Text summarization with TensorFlow

Every day, people rely on a wide variety of sources to stay informed -- from news stories to social media posts to search results. Being able to develop Machine Learning models that can automatically deliver accurate summaries of longer text can be useful for digesting such large amounts of information in a compressed form, and is a long-term goal of the Google Brain team.

Summarization can also serve as an interesting reading comprehension test for machines. To summarize well, machine learning models need to be able to comprehend documents and distill the important information, tasks which are highly challenging for computers, especially as the lengths of the documents increases.

In an effort to push this research forward, we’re open-sourcing TensorFlow model code for the task of generating news headlines on Annotated English Gigaword, a dataset often used in summarization research. We also specify the hyper-parameters in the documentation that achieve better than published state-of-the-art on the most commonly used metric as of the time of writing. Below we also provide samples generated by the model.

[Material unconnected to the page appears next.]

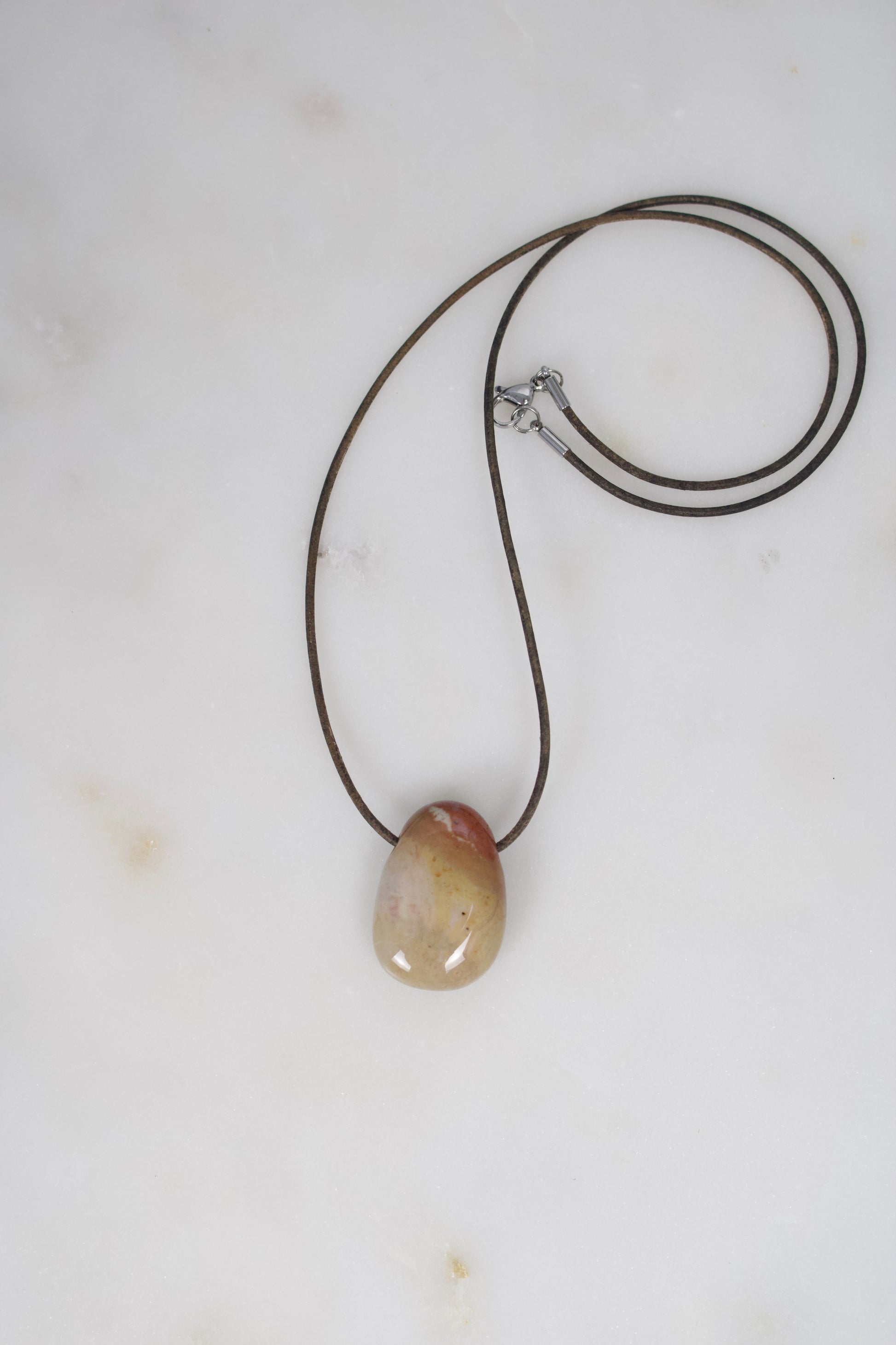 Hellbrauner Polychrom Jaspis – 32 mm Anhänger mit Lederband nach Wahl und Edelstahl-Karabinerverschluss
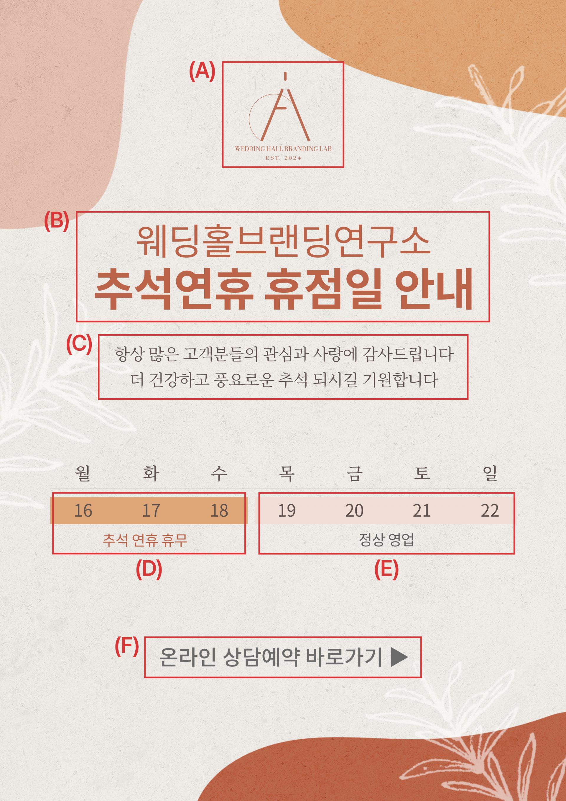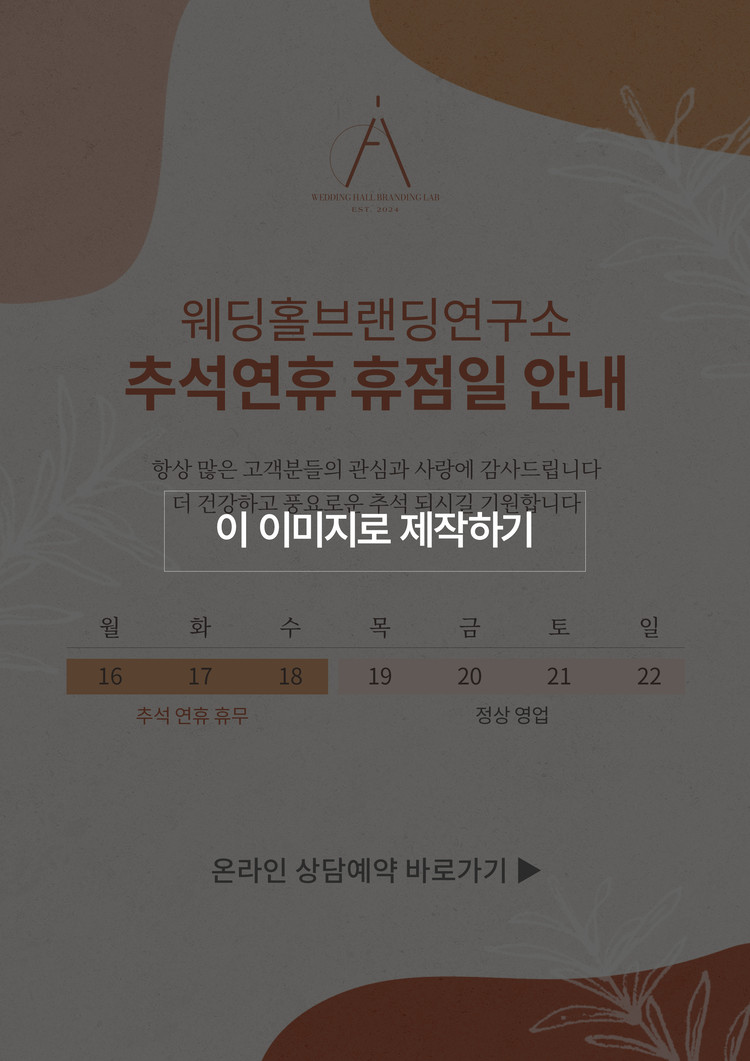 ex) 웨딩홀브랜딩연구소 / 추석연휴 휴점일 안

Extractive and Abstractive summarization

One approach to summarization is to extract parts of the document that are deemed interesting by some metric (for example, inverse-document frequency) and join them to form a summary. Algorithms of this flavor are called extractive summarization.
Original Text: Alice and Bob took the train to visit the zoo. They saw a baby giraffe, a lion, and a flock of colorful tropical birds. 
Extractive Summary: Alice and Bob visit the zoo. saw a flock of birds.
Above we extract the words bolded in the original text and concatenate them to form a summary. As we can see, sometimes the extractive constraint can make the summary awkward or grammatically strange.

Another approach is to simply summarize as humans do, which is to not impose the extractive constraint and allow for rephrasings. This is called abstractive summarization.
Abstractive summary: Alice and Bob visited the zoo and saw animals and birds.
In this example, we used words not in the original text, maintaining more of the information in a similar amount of words. It’s clear we would prefer good abstractive summarizations, but how could an algorithm begin to do this?

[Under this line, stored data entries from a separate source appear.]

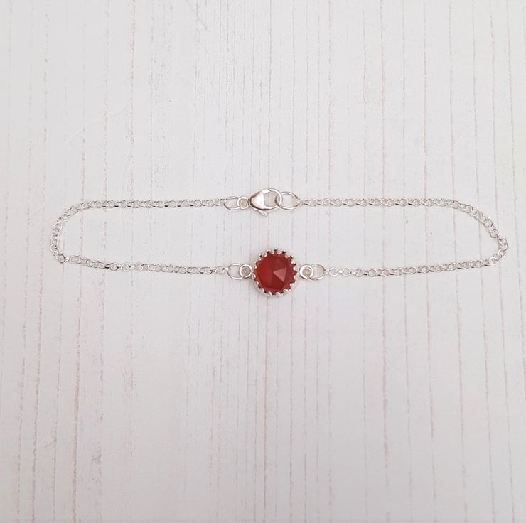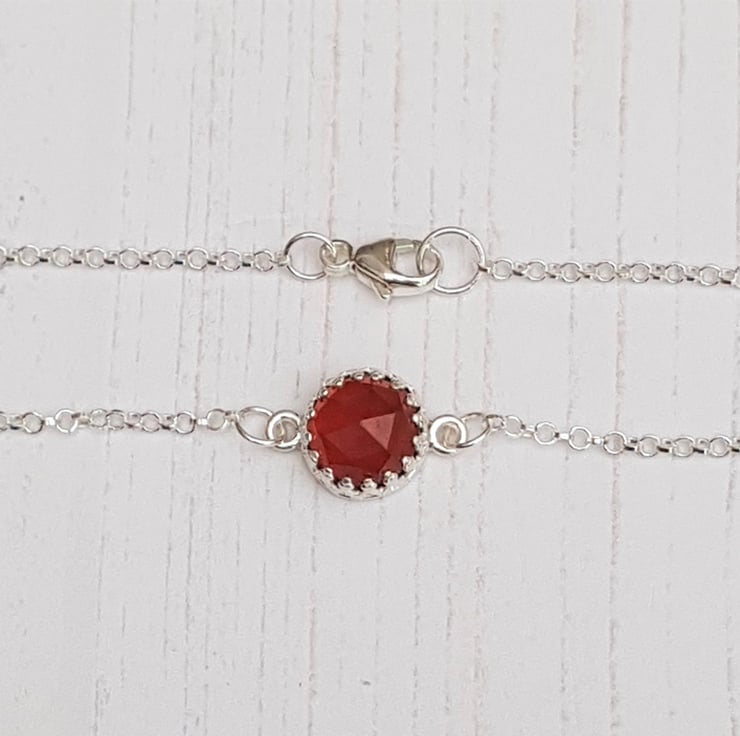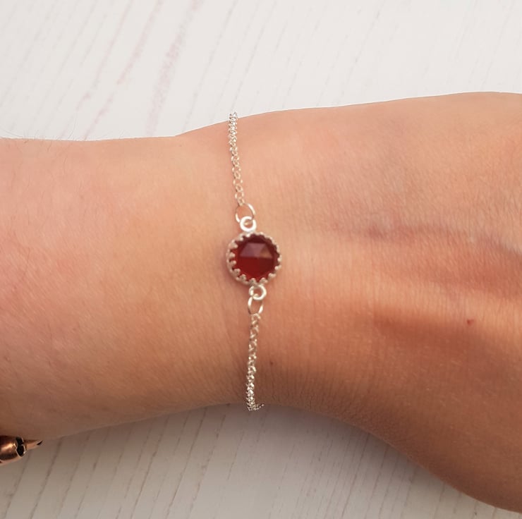Handcrafted Hessonite Garnet and Sterling Silver Bracelet, Rose Cut Cabochon Jewellery, January Birthstone Gift, Gemstone Bracelet Gift
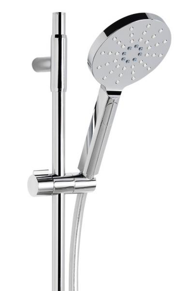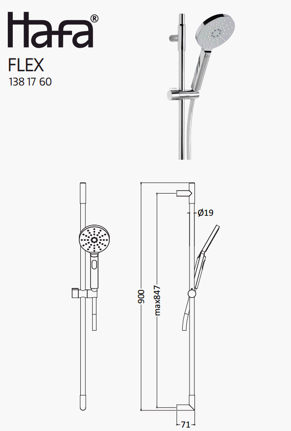 Hafa Flex brusesæt - Krom Funktionel brusesæt i krom med brusestang i metal og bruserslange med AntiTwist. Ø 120 mm. Brusestang med justerbare vægbeslag 350-847 mm. Brusesætet indeholder sæbeskål.
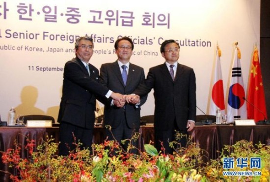 9月11日,中国外交部副部长刘振民(右)、韩国外交部次官补李京秀(中)和日本外务省审议官杉山晋辅出席在首尔新罗酒店举行的“第九次中日韩高层会议”。新华社记者彭茜摄
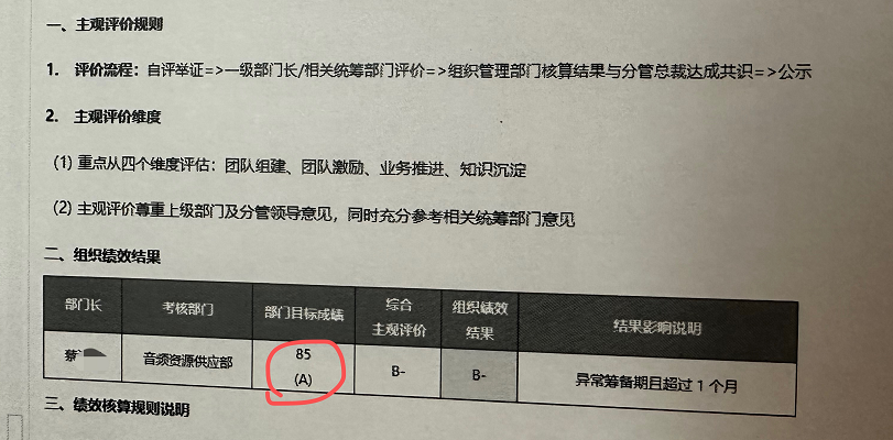不过记者从达文西提供的一份组织绩效结果公示来看,他在2022年第三季度的组织绩效结果为B-。
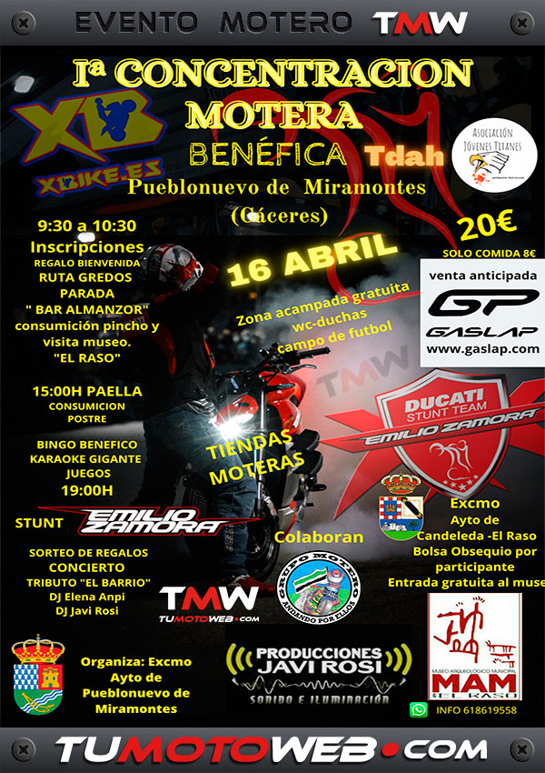 Os esperamos en Pueblonuevo de Miramontes para disfrutar del mejor ambientazo motero, en una Concentración Motera Benéfica a favor de la Asociación Jóvenes Titanes, dedicada a niñ@s y jóvenes con TDAH (Trastorno por Déficit de Atención e Hiperactividad). Que no te lo cuenten..!!
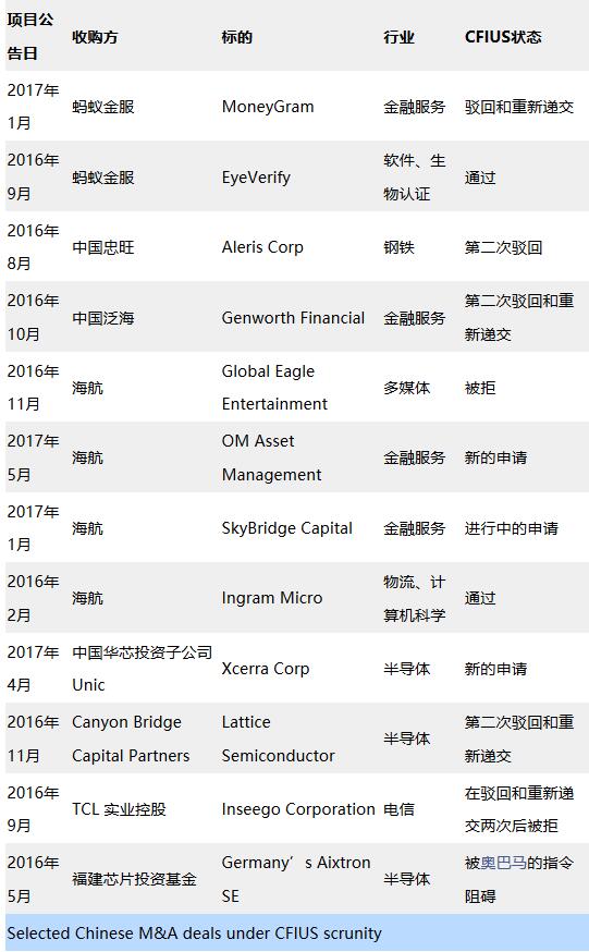 上个月,由于无法得到CFIUS的批准,海航集团拟向机上娱乐和互联网服务提供商Global Eagle Entertainment Inc.投资4.16亿美元的交易无果而终。其他交易亦遭遇审核延迟。
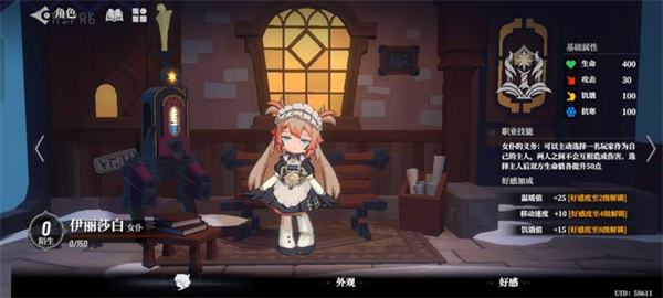 女仆,技能是选择一个人当主人,两人不能互相伤害,且两人增加50生命,这是个比较极端的角色,选择的人好,那就可以优雅躺平,选的是狼,那就原地去世,简单来说就是抱大腿,但千万别抱错了,推荐度S

About the TensorFlow model

It turns out for shorter texts, summarization can be learned end-to-end with a deep learning technique called sequence-to-sequence learning, similar to what makes Smart Reply for Inbox possible. In particular, we’re able to train such models to produce very good headlines for news articles. In this case, the model reads the article text and writes a suitable headline.

To get an idea of what the model produces, you can take a look at some examples below. The first column shows the first sentence of a news article which is the model input, and the second column shows what headline the model has written.

Input: Article 1st sentence
Model-written headline
metro-goldwyn-mayer reported a third-quarter net loss of dlrs 16 million due mainly to the effect of accounting rules adopted this year
mgm reports 16 million net loss on higher revenue
starting from july 1, the island province of hainan in southern china will implement strict market access control on all incoming livestock and animal products to prevent the possible spread of epidemic diseases
hainan to curb spread of diseases
australian wine exports hit a record 52.1 million liters worth 260 million dollars (143 million us) in september, the government statistics office reported on monday
australian wine exports hit record high in september

Future Research

We’ve observed that due to the nature of news headlines, the model can generate good headlines from reading just a few sentences from the beginning of the article. Although this task serves as a nice proof-of-concept, we started looking at more difficult datasets where reading the entire document is necessary to produce good summaries. In those tasks training from scratch with this model architecture does not do as well as some other techniques we’re researching, but it serves as a baseline. We hope this release can also serve as a baseline for others in their summarization research.